**Work task**
When you copy the data, keep every line exactly as written and skip the pictures.

**The data**
══════════════════════════════
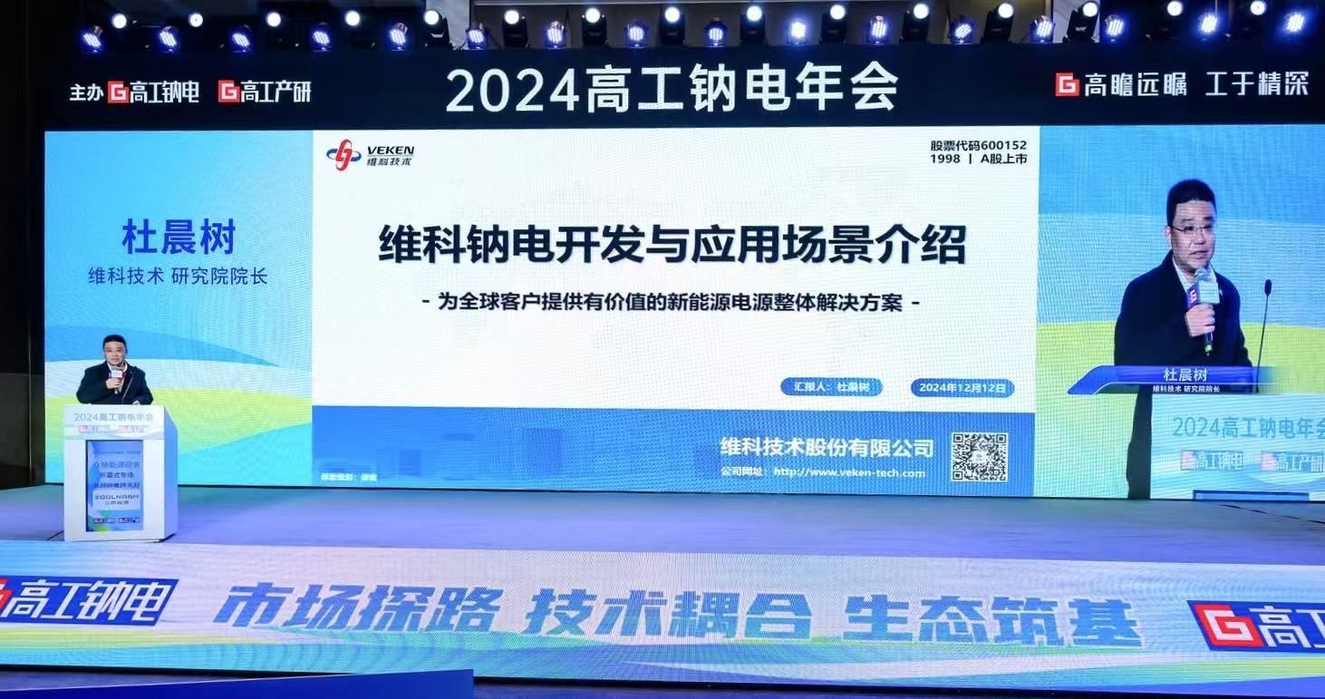 12月12日,以“守正谋变 破卷图强”为主题的2024高工钠电年会在深圳盛大开幕。作为本次活动的专场赞助企业,维科技术携领先技术与创新成果应邀参与此次行业盛会。维科技术研究院院长杜晨树发表专题演讲《维科技术钠电池开发与应用场景介绍》,深度剖析了钠电在储能领域的发展潜力与战略意义。
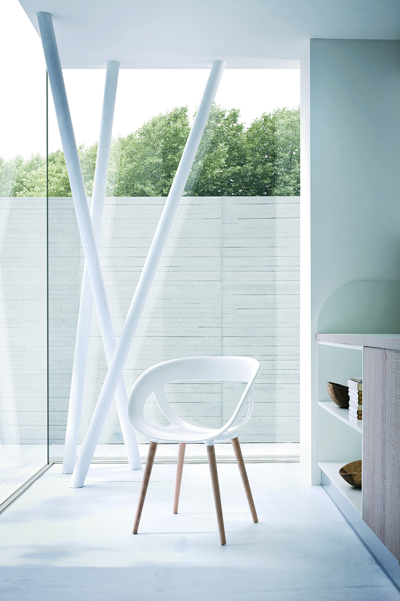 Moema un siège confortable et enveloppant sa coque en technopolymère est adaptée pour un usage extérieur, existe également en version rembourrée Moema se décline en de nombreuses finitions ; pour s’adapter à tout les espaces
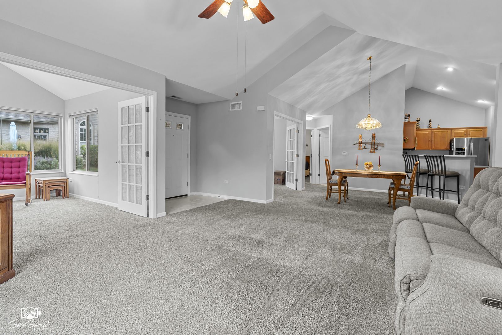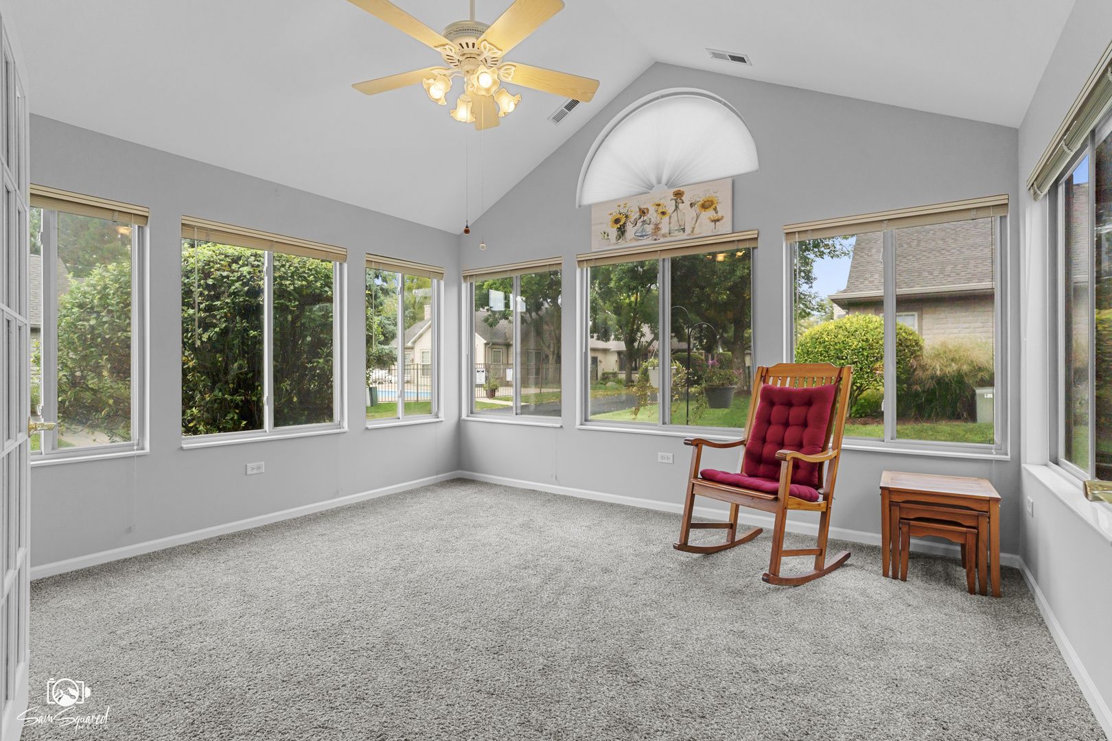 Experience the ease and comfort of single-level living in this inviting ranch townhome, where every detail is designed for convenience and enjoyment. Picture cozy evenings by the gas fireplace beneath vaulted ceilings, or hosting family and friends as the open living, dining, and kitchen spaces flow effortlessly together. French doors lead to a private office, ideal for working from home or creating a quiet retreat. The heated sunroom is the perfect spot to sip your morning coffee while watching the seasons change, and the spacious owner's suite with walk-in closet and private bath offers a relaxing end to each day. With maintenance-free living, you'll never have to worry about mowing the lawn or shoveling snow - instead, spend your time enjoying the community clubhouse or lounging in the summer by the sparkling outdoor pool. Nestled among mature trees in a beautifully maintained subdivision and just minutes from shopping, dining, and everyday conveniences, this home offers not just a place to live, but a lifestyle of ease, comfort, and connection.
══════════════════════════════
**Task response**
 12月12日,以“守正谋变 破卷图强”为主题的2024高工钠电年会在深圳盛大开幕。作为本次活动的专场赞助企业,维科技术携领先技术与创新成果应邀参与此次行业盛会。维科技术研究院院长杜晨树发表专题演讲《维科技术钠电池开发与应用场景介绍》,深度剖析了钠电在储能领域的发展潜力与战略意义。
 Moema un siège confortable et enveloppant sa coque en technopolymère est adaptée pour un usage extérieur, existe également en version rembourrée Moema se décline en de nombreuses finitions ; pour s’adapter à tout les espaces
 Experience the ease and comfort of single-level living in this inviting ranch townhome, where every detail is designed for convenience and enjoyment. Picture cozy evenings by the gas fireplace beneath vaulted ceilings, or hosting family and friends as the open living, dining, and kitchen spaces flow effortlessly together. French doors lead to a private office, ideal for working from home or creating a quiet retreat. The heated sunroom is the perfect spot to sip your morning coffee while watching the seasons change, and the spacious owner's suite with walk-in closet and private bath offers a relaxing end to each day. With maintenance-free living, you'll never have to worry about mowing the lawn or shoveling snow - instead, spend your time enjoying the community clubhouse or lounging in the summer by the sparkling outdoor pool. Nestled among mature trees in a beautifully maintained subdivision and just minutes from shopping, dining, and everyday conveniences, this home offers not just a place to live, but a lifestyle of ease, comfort, and connection.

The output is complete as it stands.